| Literature DB >> 23885176 |
Abstract
In this report, we review the pharmacological and non-pharmacological treatments of the different absence seizure types as recently recognized by the International League Against Epilepsy: typical absences, atypical absences, myoclonic absences, and eyelid myoclonia with absences. Overall, valproate and ethosuximide remain the principal anti-absence drugs. Typical absence seizures exhibit a specific electroclinical semiology, pathophysiology, and pharmacological response profile. A large-scale comparative study has recently confirmed the key role of ethosuximide in the treatment of childhood absence epilepsy, more than 50 years after its introduction. No new antiepileptic drug has proven major efficacy against typical absences.

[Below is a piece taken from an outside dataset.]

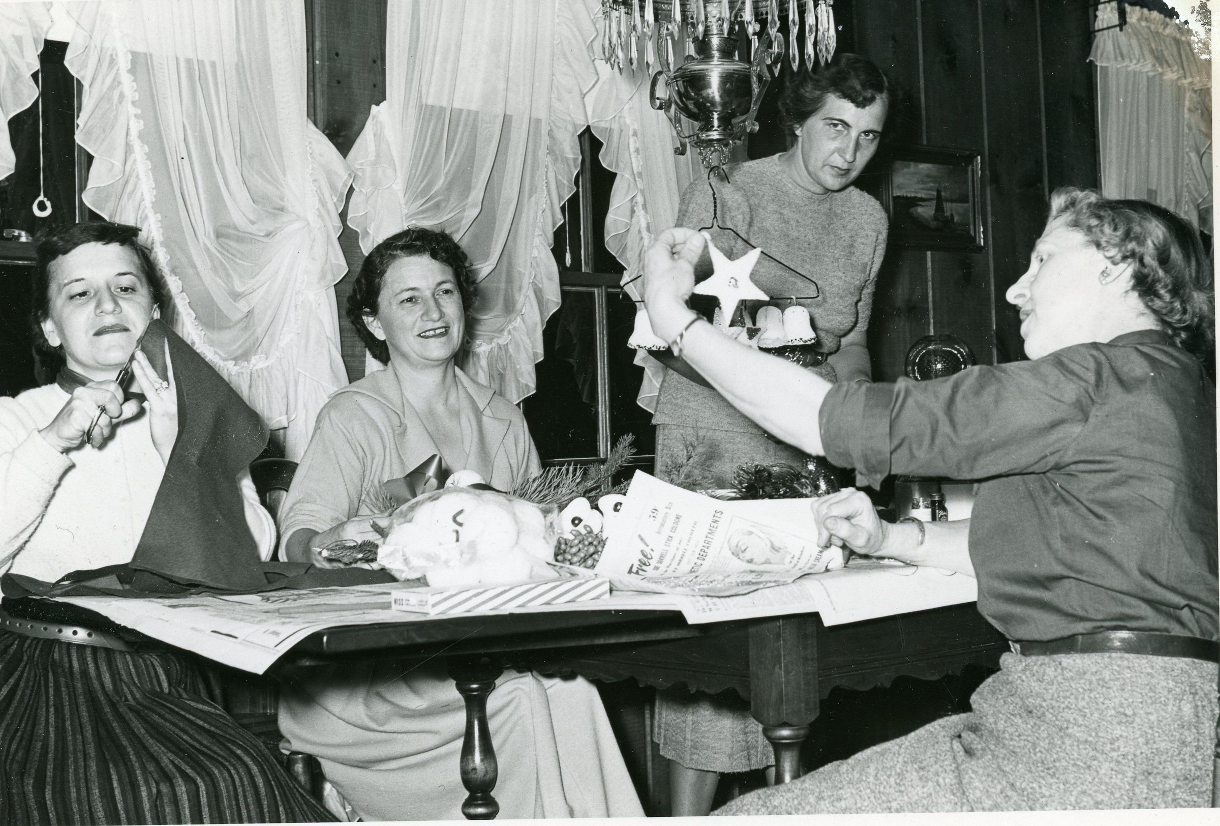 Margaret Wotring, Catherine Krueger, Ruth Hawley, Orpha Hutley. Making Holiday trims in the Krugers living room.
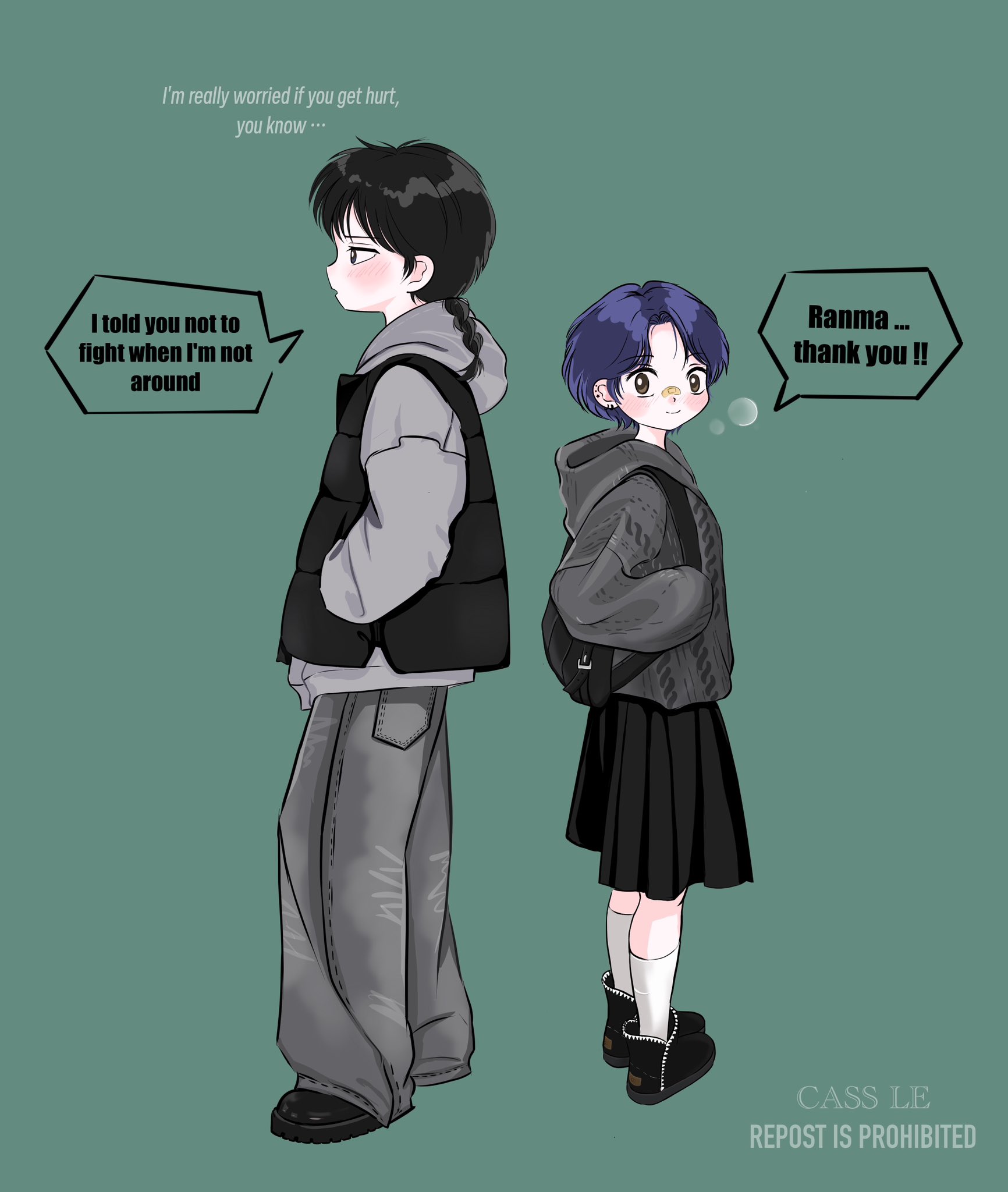 1boy 1girl bandaid bandaid_on_face bandaid_on_nose black_bag black_hair black_shoes black_skirt blue_hair braid brown_eyes cass_le92 commentary english_commentary green_background grey_pants highres pants piercing ranma_1/2 saotome_ranma shoes short_hair single_braid skirt smile speech_bubble tendou_akane

Of the medications under development, brivaracetam might be an efficacious anti-absence drug. Some experimental drugs also show efficacy in animal models of typical absence seizures. The treatment of other absence seizure types is not supported with a high level of evidence. Rufinamide appears to be the most promising new antiepileptic drug for atypical absences and possibly for myoclonic absences. The efficacy of vagal nerve stimulation should be further evaluated for atypical absences. Levetiracetam appears to display a particular efficacy in eyelid myoclonia with absences. Finally, it is important to remember that the majority of antiepileptic drugs, whether they be old or new, may aggravate typical and atypical absence seizures.Entities:
Keywords: antiepileptic drug; atypical absence; eyelid myoclonia with absence; myoclonic absence; typical absence
Year: 2013 PMID: 23885176 PMCID: PMC3716601 DOI: 10.2147/NDT.S30991
Source DB: PubMed Journal: Neuropsychiatr Dis Treat ISSN: 1176-6328 Impact factor: 2.570
Summary of AED efficacy in different absence seizure types
| TAS | AAS | EMA | MA | Main advantage | Main disadvantage | |
|---|---|---|---|---|---|---|
| Valproate | +++ | ++ | ++ | ++ | Effective against all seizure types | Should be avoided in girls of childbearing age |
| Ethosuximide | +++ | ++ | +? | ++ | Minimal cognitive side effects | ineffective against tonic-clonic seizures |
| Lamotrigine | ++ | + | +? | +? | Favorable tolerability profile | Long dose titration |
| Levetiracetam | + | ? | ++ | ? | Favorable tolerability profile | |
| Rufinamide | ? | ++ | ? | ++? | Effective against drop-attacks in LGS | Limited experience |
| Benzodiazepine | ++ | ++ (CLB) | ++ (CNZ) | ? | Rapidly effective | Risk of dependence and habituation |
Notes: Degree of efficacy: +++ high, ++ moderate, + weak, ? unknown.
Abbreviations: TAS, typical absence seizures; AAS, atypical absence seizures; EMA, eyelid myoclonia with absences; MA, myoclonic absences; CLB, clobazam, CNZ, clonazepam; LGS, Lennox-Gastaut Syndrome; AED, antiepileptic drug.